Start of THE DATA
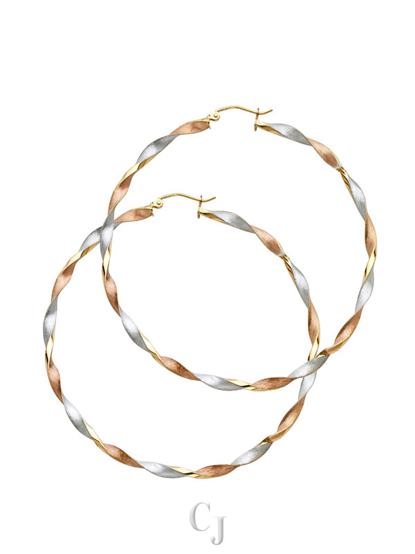 Crafted in 14K yellow, white, and rose gold, these Tri-Color Earrings from Claudia’s Jewelry Inc. offer a distinct yet timeless style. Perfect for adding a touch of elegance and color to any jewelry collection.
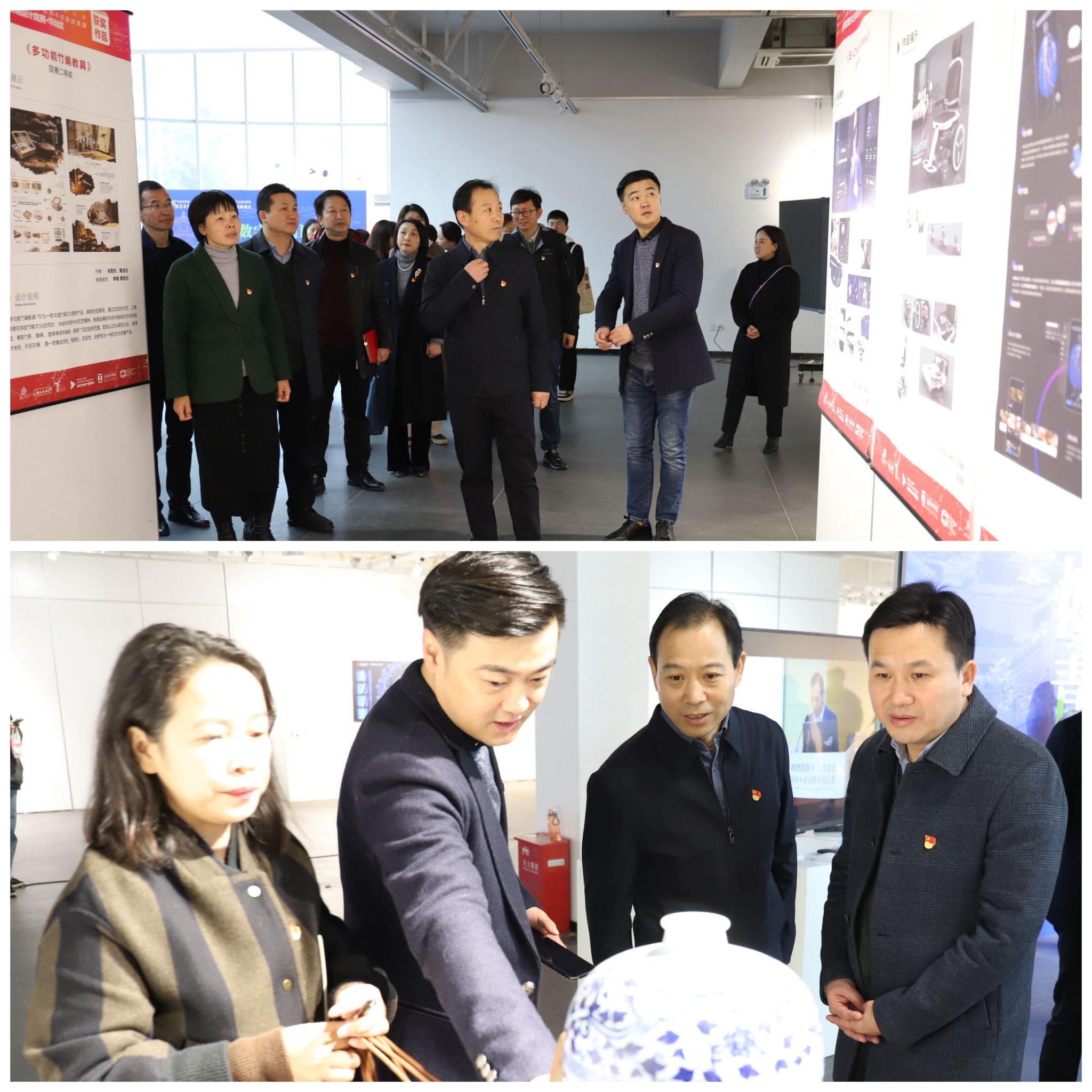 会前,与会人员参观“湖工大设计”四十五周年庆系列展览、“艺苑流芳”院史馆、艺术设计学院党建创新中心。
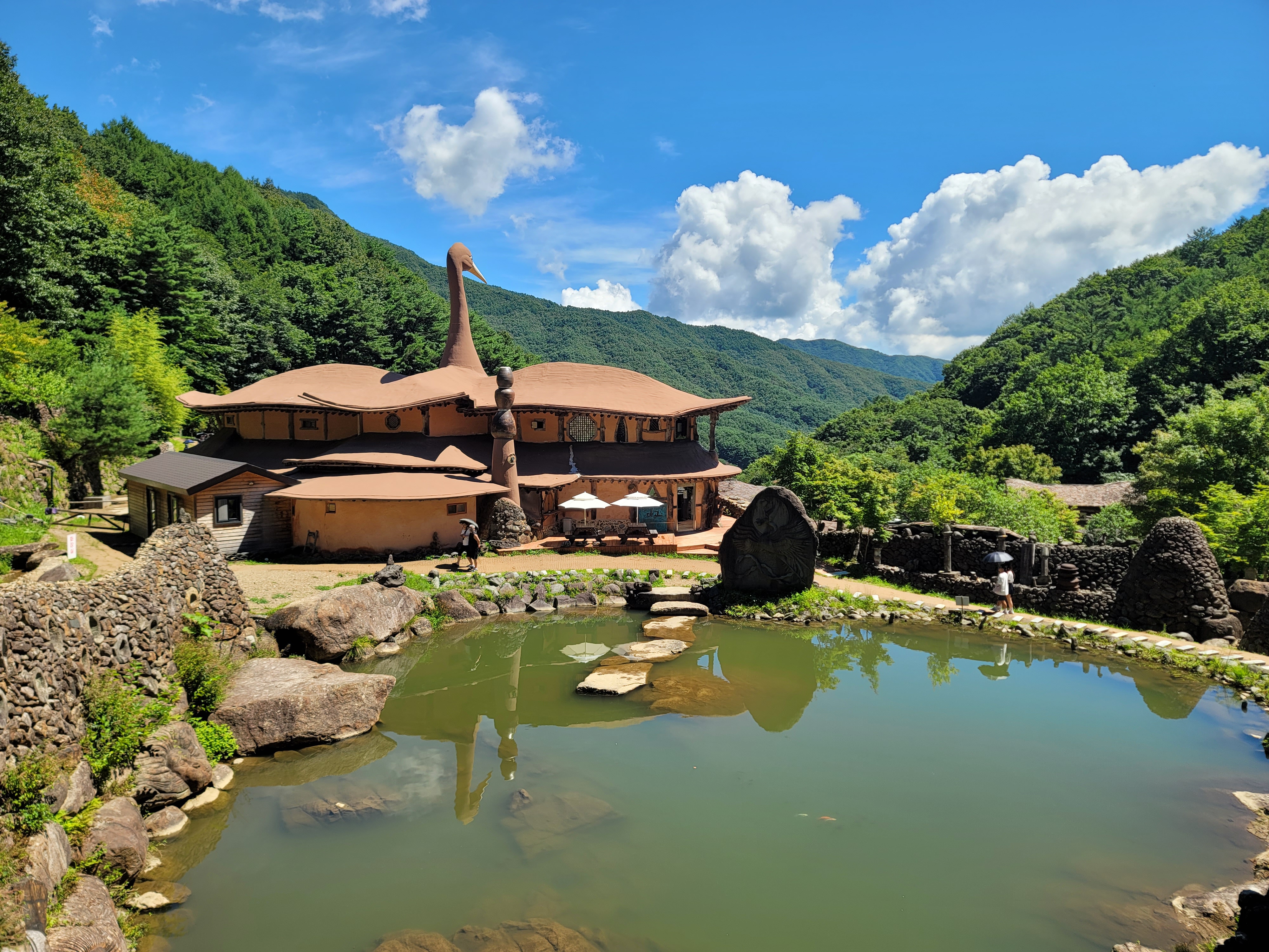 지리산 자락에 자리한 이곳은 1983년부터 건립이 시작되어 수십년간 조성된 대규모 전통 양식 건축물과 조형물로 유명합니다.
End of THE DATA
DIRECTIONS: Copy out all the data exactly. The images should not appear in the copy.

PROBLEM SOLUTION:
 Crafted in 14K yellow, white, and rose gold, these Tri-Color Earrings from Claudia’s Jewelry Inc. offer a distinct yet timeless style. Perfect for adding a touch of elegance and color to any jewelry collection.
 会前,与会人员参观“湖工大设计”四十五周年庆系列展览、“艺苑流芳”院史馆、艺术设计学院党建创新中心。
 지리산 자락에 자리한 이곳은 1983년부터 건립이 시작되어 수십년간 조성된 대규모 전통 양식 건축물과 조형물로 유명합니다.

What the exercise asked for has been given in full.